I guess the game took the steadiness of an athletic hand. Lance always won. Each of my attempts to carry out an operation with the tweezers would be met with that nasty buzzer and accompanying red light. My earliest understanding of humans having body parts that we could not see - parts inside us - began with that crazy game.
Soon after I started playing the game of "Operation," my cousin and I found an anatomy learning tool for kids in our grandmother's game closet. The Skilcraft company's "Invisible Man" was made of plastic, and you could see through what would be the skin of a man's body. You saw various organs and could take them out and put them back where they belonged anatomically again. This educational tool was more a puzzle than a game.
The "Invisible Man" taught me many more vital organs underneath people's outer skin than the game of "Operation" indicated. It also hinted at how all of these organs or body parts needed each other. They made up the whole of the body.
Paul told the believers of the first-century church in Corinth that every follower of Jesus is a vital part of the Body of Christ. Jesus Himself is the head of the body. Christians each have a role and are essential to the whole body. Each of us needs the others. Paul said it this way, "Even so the body is not made up of one part but of many" (1 Corinthians 12:14).
Paul parallels his teaching in 1 Corinthians 12:12-26 as he writes to the Ephesian church. In Ephesians 4:7-16, the Apostle emphasizes how God gives others to us to help us grow. We can all serve each other. We can all grow toward maturity and encourage others toward that same maturity in Christ. We build each other up as we properly use our gifts to help our brothers and sisters in the Lord grow in Him.
God has shaped each of us in different ways than everyone else. We all have different experiences, natural abilities, personalities, and spiritual gifts. We are one in Christ but distinct in how God uses us for His glory.

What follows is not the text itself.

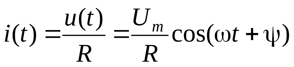ток через сопротивление совпадает по фазе с напряжением, приложенным к сопротивлению;

We are to embrace our own uniqueness in how God has shaped our lives while embracing that we are all one in Jesus. We are one body with many parts. Whatever part God has for you is essential to our effectiveness together. Whatever part God has for me is essential to our effectiveness too!
The way God uses our uniqueness as individuals within our oneness as Christ's body demonstrates His grace to the world!